Thursday, January 3, 2013

it's all about the benjamins: cycle 2, day 8

This is what I need to be doing to cover the ballooning cost of not being able to ovulate on my own[1]. Yes, I know what you’re thinking – I’m not even in IVF-proper land. Heck, I’m still in the junior-miss department of infertility. I’m still on clomid. Just clomid. It’s like romper room over here. Just wait, you’re thinking, just wait until you make it into the major leagues – IVF and all the other acronyms. Then you’ll know what’s what.

Point taken <briefly daydreaming about what I have to look forward to, it’s just like this, right?> But where was I. Yes. Even in the dilettante-department-of-just-Clomid-taking, infertility ain’t free. The total cost of my treatment thus far, excluding co-pays ($25 for each office visit) has been a cool $4,957[2]. Thankfully, insurance has paid for the majority of this. I have had to write several checks (the most recent for $183.38) for expenses that our insurance didn’t cover but I am FULLY aware that I am exceedingly lucky in this regard – that most spend far more; that one measly cycle of IVF can cost double this. But guys, I've barely been at this two months.

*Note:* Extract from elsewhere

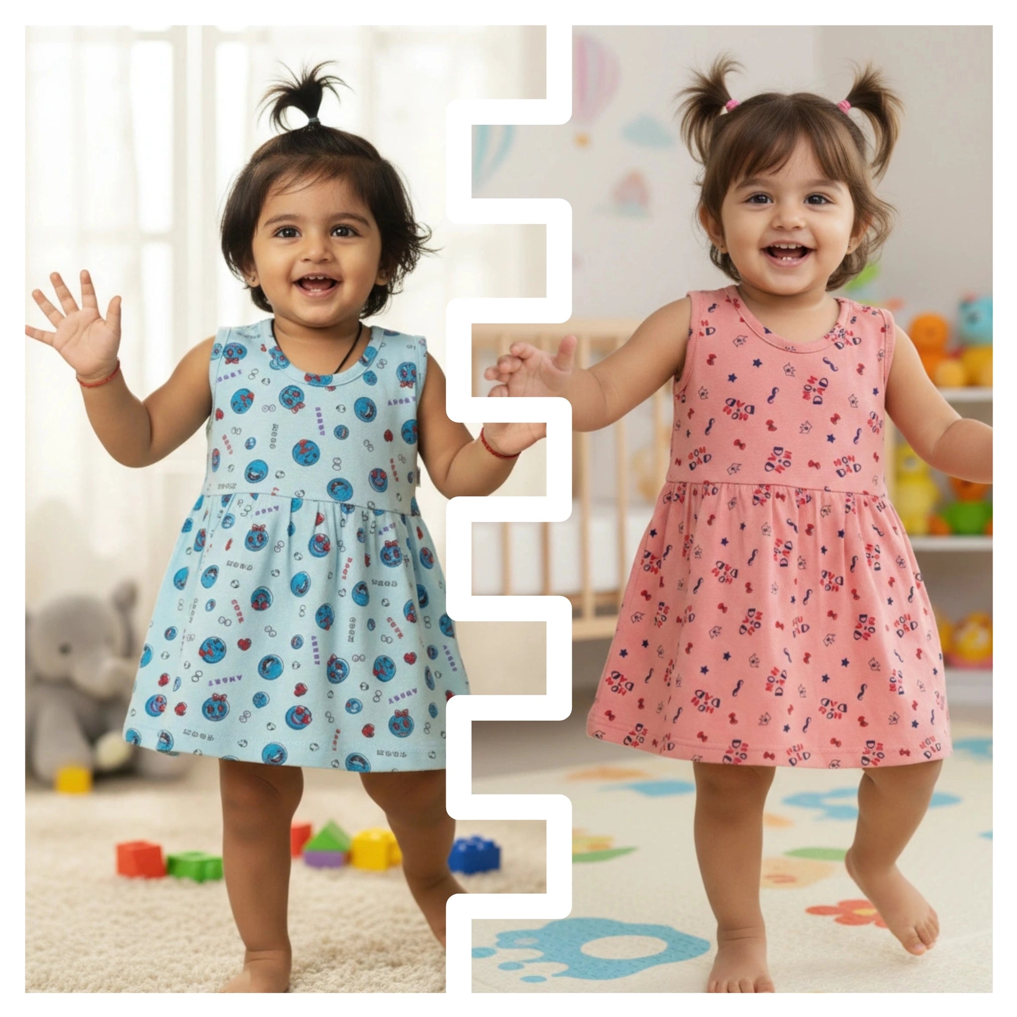 Adorable sleeveless frock for baby girls with sunflower & bee print. Perfect summer wear for birthdays, playdates & daily outings. Soft & comfy fabric.

I’m a lawyer, (I know, it comes as a shock to me, too), but I make less than an ice-cream store manager; less than a (unionized) tollbooth collector (a career I am now actively exploring). C is a medical resident, a title only bestowed after accumulating approximately 100,000 dollars of student loan debt. I’m clearly complaining not complaining; we are very fortunate to have the chance to try and we’re doing okay (so far). But what if this thing drags on past, oh, I don’t know, tomorrow?

<Please excuse me while I set up the step-ladder needed to mount my soapbox, for I am very short>

*beauty queen wave to crowd* It turns out, there’s kind of a legit bill (Family Act of 2011, S 965/H.R. 3522) that would create a tax credit for the out-of-pocket costs associated with infertility medical treatment. This blog isn’t a venue for political grandstanding (because I can do that in real life!), but this seems relatively straightforward – an obvious means to support families struggling with infertility; a small way to try to level the playing field. Since we already provide tax deductions for whaling captains, clarinet players and common criminals, why not you and your uncooperative ovaries? I know, ugh politics, but if you’re interested, you can check out more about the act and how to get involved here.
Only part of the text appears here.